Here we are using an abliterated model, meaning that it is uncensored and free from the usual LLM constraints.

Now you can simply run ollama create mistral_small_abliterated -f Modelfile in a terminal in the very same folder and you are done.

Remember to test your setup by chatting a little with your model. You can do so by running ollama run yourmodelname.

Let there be Voice: setting up openedai/speech TTS engine

Although OpenAI and numerous other firms provide highly competitive TTS APIs at attractive prices, we are hesitant to depend on external services. As digital libertarians, we prefer to maintain control over our resources. Furthermore, who can say with certainty what these companies might do with your voice data?

Fortunately, the open source community lends us a hand once again.

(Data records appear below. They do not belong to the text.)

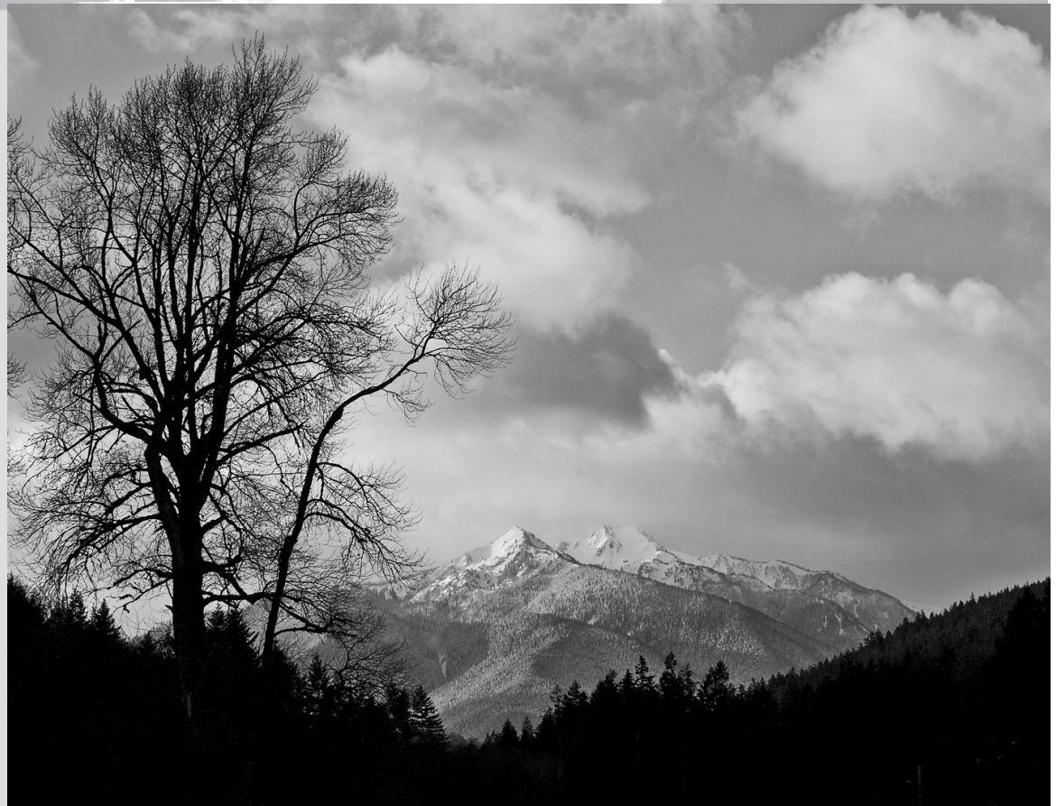
Elwha, Fitzhenry, Snow Clouds.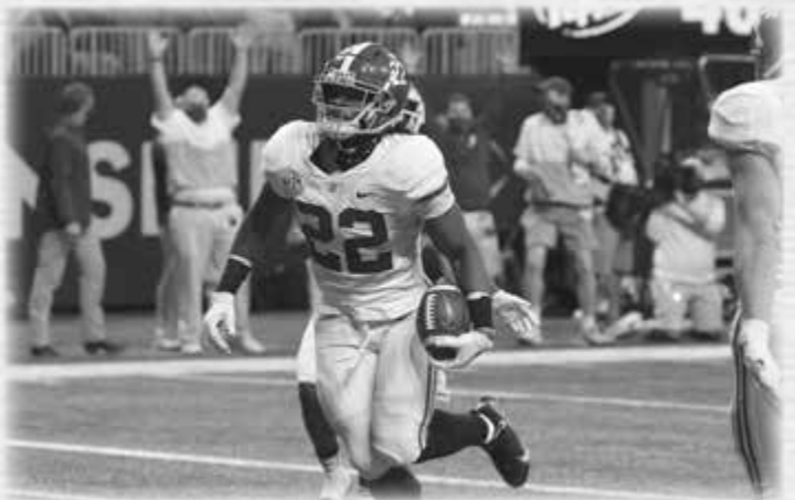
Alabama's Najee Harris set an SEC Championship Game record with five touchdowns (two rushing, three receiving) and earned MVP honors.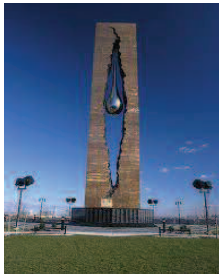
"Tear Drop" Memorial: Bayonne, New Jersey. A gift from the Russian people, This memorial stands 100 feet high, and has a 40 foot long stainless steel tear drop suspended in its middle. 674 New Jersey residents died during the attacks on 9/11.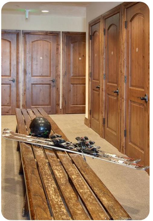
Park City 98 | Page 8 of 8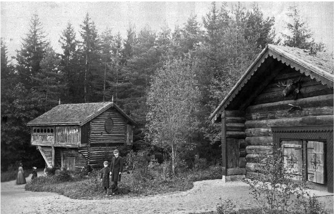
■ Fig. 4. Old wooden architecture in a park setting. (Norwegian Museum of Cultural history, photo: Axel Lindahl, circa 1890)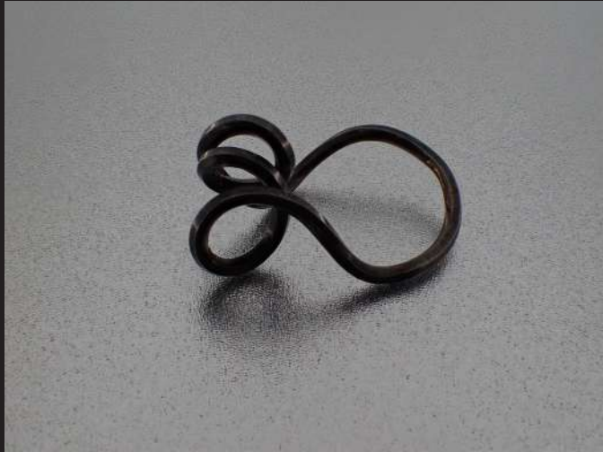
Silver Whisper 1 - 2022 Sterling silver 27 mm X 20 mm X 9 mm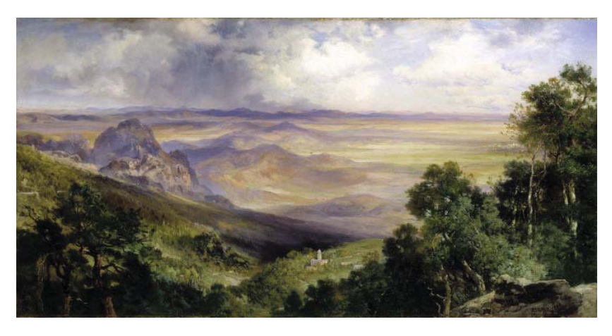
Thomas Moran's Valley of Cuernavaca, 1903, oil on canvas, Smithsonian American Art Museum

The snuffbox's fate was uncovered during the FBI's "Operation Greenthumb" investigation into Washington, D.C.—area gold and silver dealers who allegedly bought stolen items. Only 25 diamonds were recovered from the more than 200 that had been encrusted on the stolen box.

Enter the openedai-speech project, an open source initiative that utilizes accessible and free text-to-speech models to deliver an API fully compatible with OpenAI's specifications.

For detailed installation steps and insight into how the software operates, consult their repository listed above. To swiftly deploy using default ports (specifically port 8000), follow their Docker Compose guidelines to get your openedai-speech server up and running without delay.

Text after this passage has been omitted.